This function defined as RFL-Score was trained using the PDBBind 2018 (general) and CSAR (decoys and NRC HiQ). From these complexes we extract molecular descriptors using BiNANA, RDKit 2D/3D, SASA, PaDEL-Descriptor, Vina, totaling 723 descriptors. Then, we selected the most promising attributes using LassoCV and parametrized a Random Forest (RF) algorithm using the GridSearchCV. This RF model was validated using CASF 2013 and 2016.
- Python 3.7+
- MGLTools 1.5.6
- vina4dv
- DSSP 4.0.4
- JRE 11.0.10+
- Pandas 1.1.3+
- Biopython 1.78+
- RDKit 2020.09.1+
- OpenBabel 2.4
- Joblib 0.17.0+
- Scikit-learn 0.23.2+
- ODDT 0.7+
- R 4.0.3
- Random Forest Package 4.6.14+
The current scoring function is executed with Python 3.7. The most simple way to install the SF is by creating an Anaconda Environment.
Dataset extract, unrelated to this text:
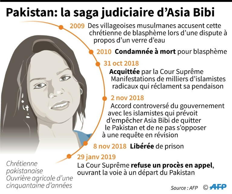 Mardi, la France a réitéré son offre d'"accueillir Asia Bibi et sa famille si elles le souhaitent". On prête à la chrétienne l'intention de demander l'asile dans un pays européen ou au Canada où ses enfants se trouveraient déjà, selon plusieurs sources diplomatiques à Islamabad, ce qu'Ottawa n'a pas confirmé. Le TLP, qui a fait du blasphème son unique combat, apparaît affaibli après l'arrestation à l'automne de son chef Khadim Hussain Rizvi et de centaines de ses partisans. Mardi soir, ils étaient peu nombreux à participer à de premières manifestations. Le blasphème est un sujet extrêmement sensible au Pakistan, où des accusations suffisent à provoquer des lynchages meurtriers.

To download the last version of Anaconda Individal Edition visit his official page: https://www.anaconda.com/produacts/individual
A proper environment in Anaconda is useful to install the SF. To create a new environment with Python 3.7 execute the following statement in Anaconda's prompt:
conda create -n 3_7 python=3.7
To activate the new environment execute the following statement:
source activate 3_7
The new environment can be activated automatically adding the previous statement in the .bashrc file.
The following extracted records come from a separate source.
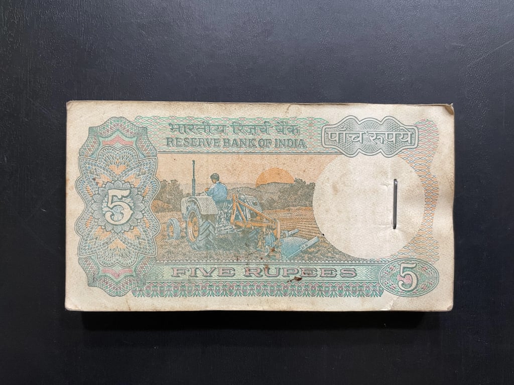 Indian Rupees 5 Complete Serial Bundle of 100 Notes
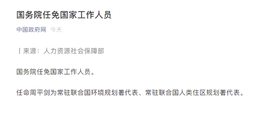 任命周平剑为常驻联合国环境规划署代表、常驻联合国人类住区规划署代表。
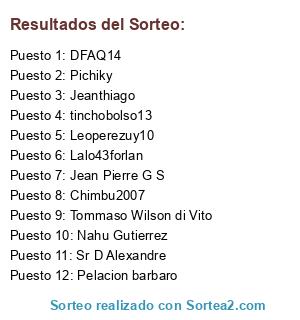 Lista de participantes: Tommaso Wilson di Vito, Nahu Gutierrez, Jeanthiago, Pichiky, Jean Pierre G S, Lalo43forlan, Sr D Alexandre, Chimbu2007, DFAQ14, Pelacion barbaro, Leoperezuy10, tinchobolso13.
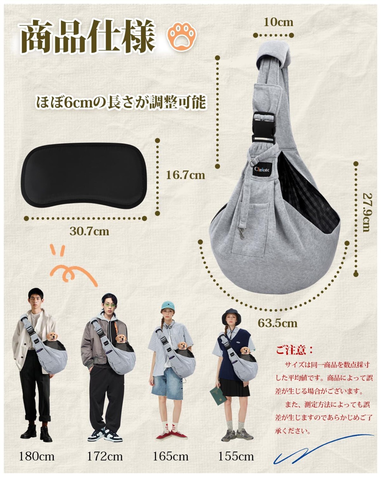【調節機能付きワンタッチバックル】肩ひもの長さは調節できますので、使用する飼い主さんの体形に合わせることが可能です。肩掛け部分の幅は10cmと広めです。愛犬を入れたときに重さを感じにくく、安定感がある作りとなっています。
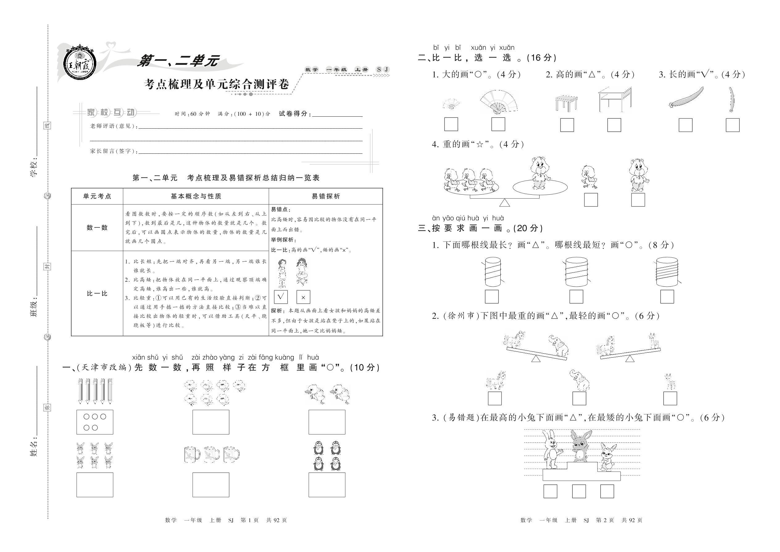 2021上册一年级数学苏教版 第一、二单元 考点梳理及单元综合测评卷

Pandas It is a package for data analysis and manipulation tool. To install in Conda execute the following statement:
conda install -c anaconda pandas
Biopython It is a set of freely available tools for biological computation. To install in Conda execute the following statement:
conda install -c anaconda biopython
RDKit It is a cheminformatics software to create 2D and 3D molecular features for machine learning applications. To install in Conda execute the following statement:
conda install -c rdkit rdkit
OpenBabel 2.4 It is a chemical software designed to speak the many languages of chemical data. The version 2.4 is mandatory to install the SF. To install in Conda execute the following statement:
conda install -c openbabel openbabel
ODDT (Open Drug Discovery Toolkit) It is a modular and comprehensive toolkit for use in cheminformatics, molecular modeling etc. To install in Conda execute the following statement:
conda install -c oddt oddt
Scikit-learn It is a toolkit for predictive data analysis. To install in Conda execute the following statement:
conda install -c anaconda scikit-learn
Joblib It is a suite to provide lightweight pipelining in Python. To install in Conda execute the following statement:
conda install -c anaconda joblib
Corresponds to software not found as an Anaconda package.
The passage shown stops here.